● Problem: Exclude the pictures and reproduce the remaining data exactly as written.

● Data block:

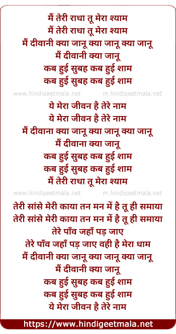 Lyrics of Mai Tere Radha Tu Mera Shyam - मैं तेरी राधा तू मेरा श्याम
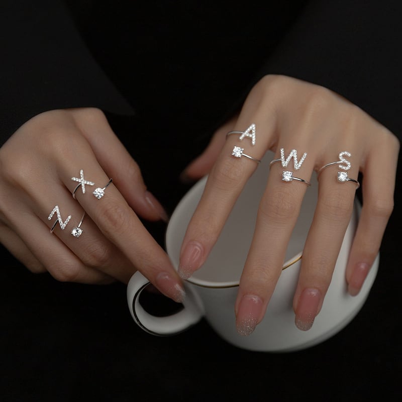きらめくジルコニアと英小文字イニシャルが指先を上品に彩るシルバーリング。
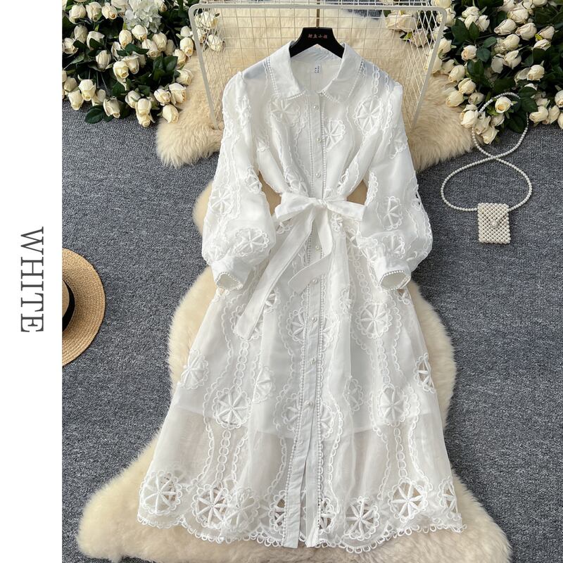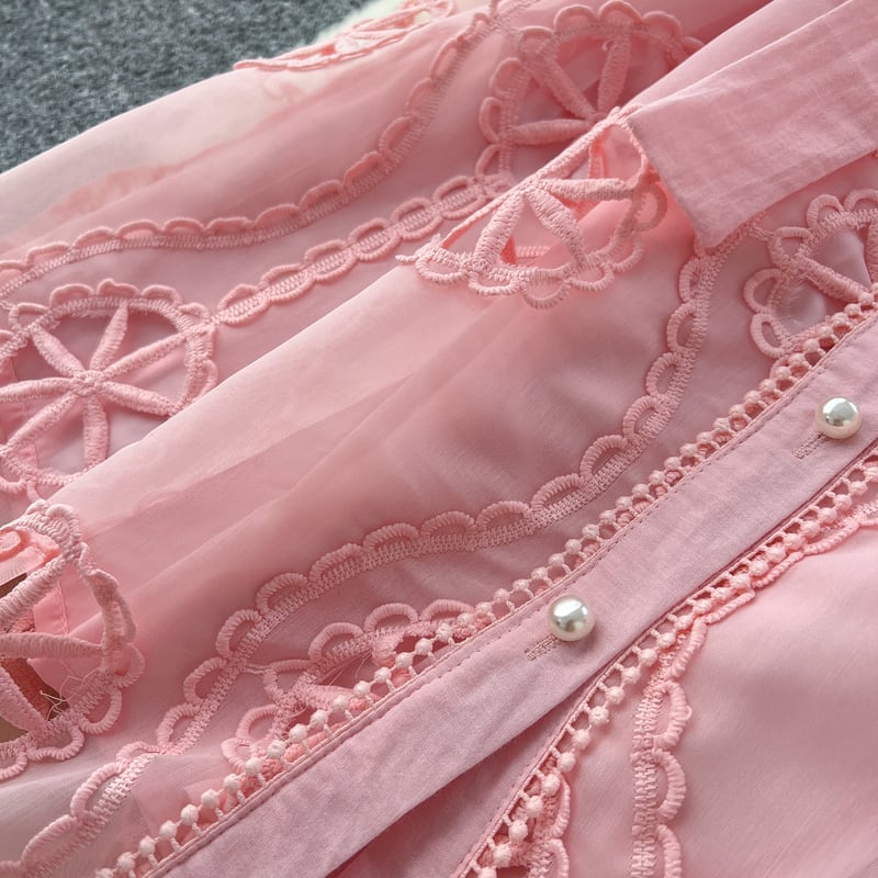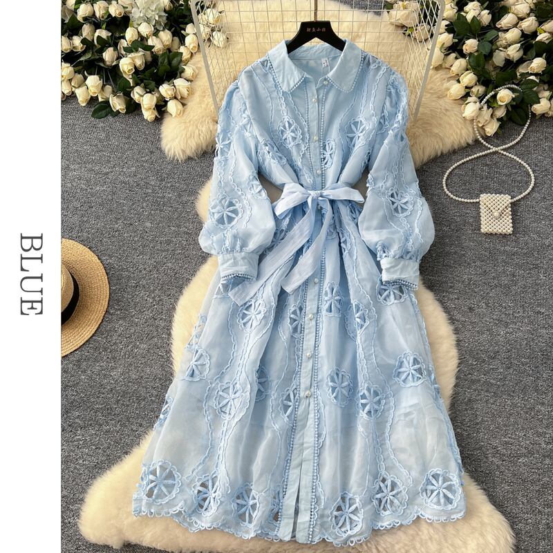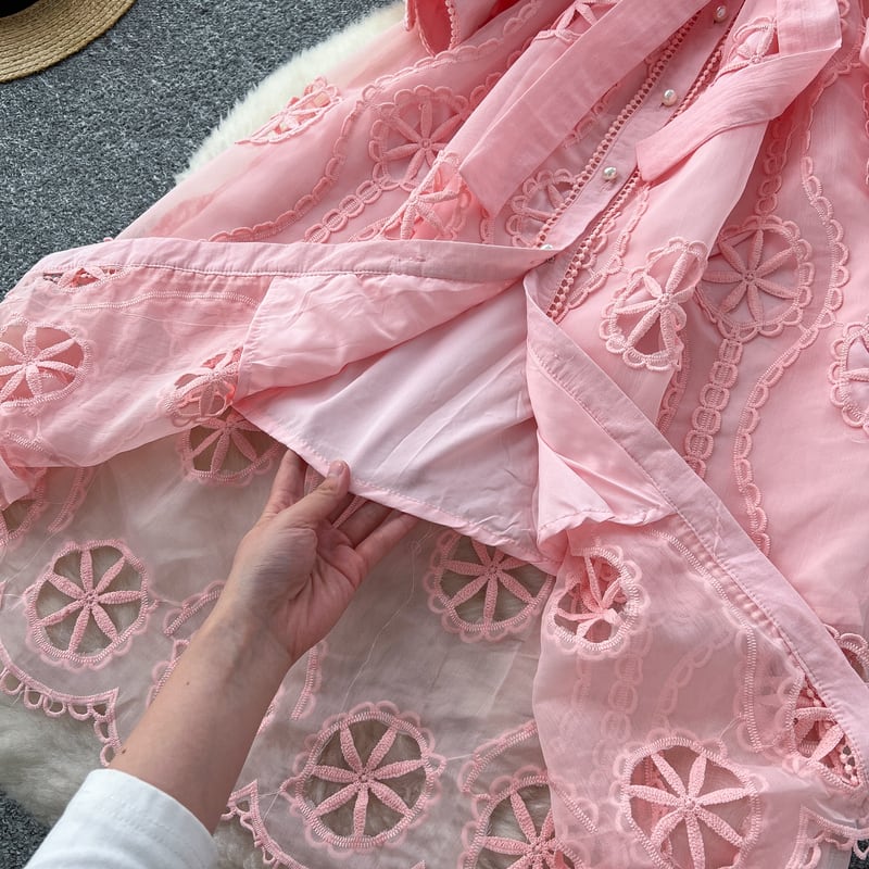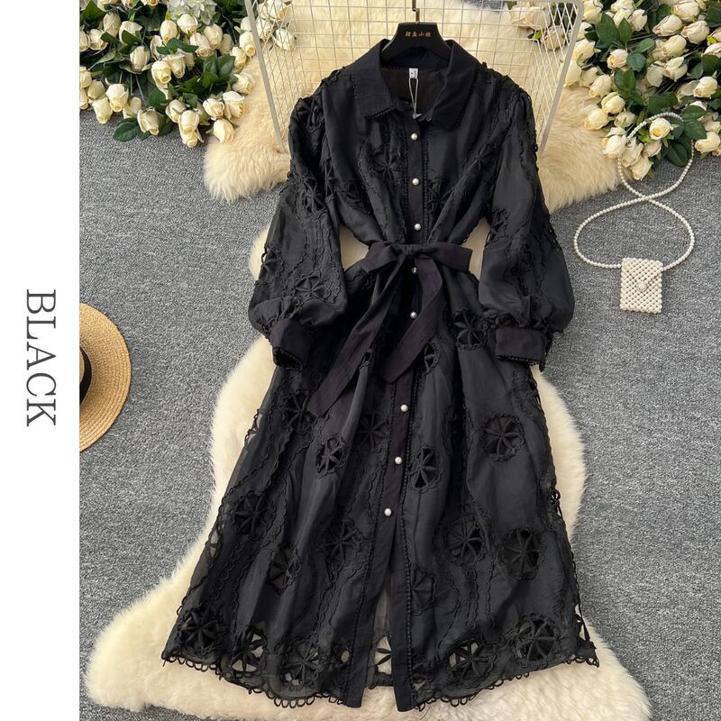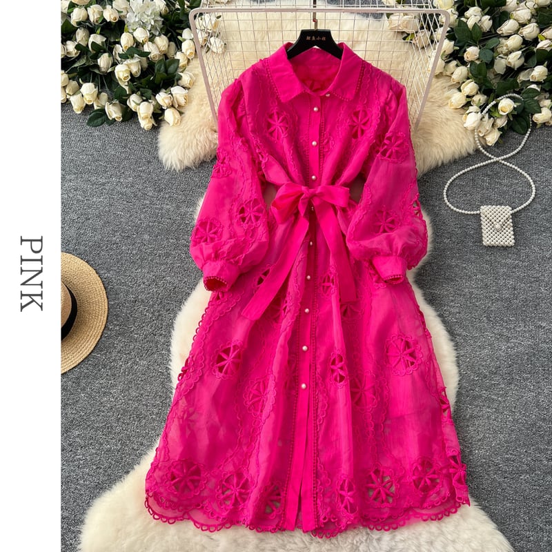 パンチングレースシャツロングドレス6色展開 D0007

● Result:
 Lyrics of Mai Tere Radha Tu Mera Shyam - मैं तेरी राधा तू मेरा श्याम
きらめくジルコニアと英小文字イニシャルが指先を上品に彩るシルバーリング。
 パンチングレースシャツロングドレス6色展開 D0007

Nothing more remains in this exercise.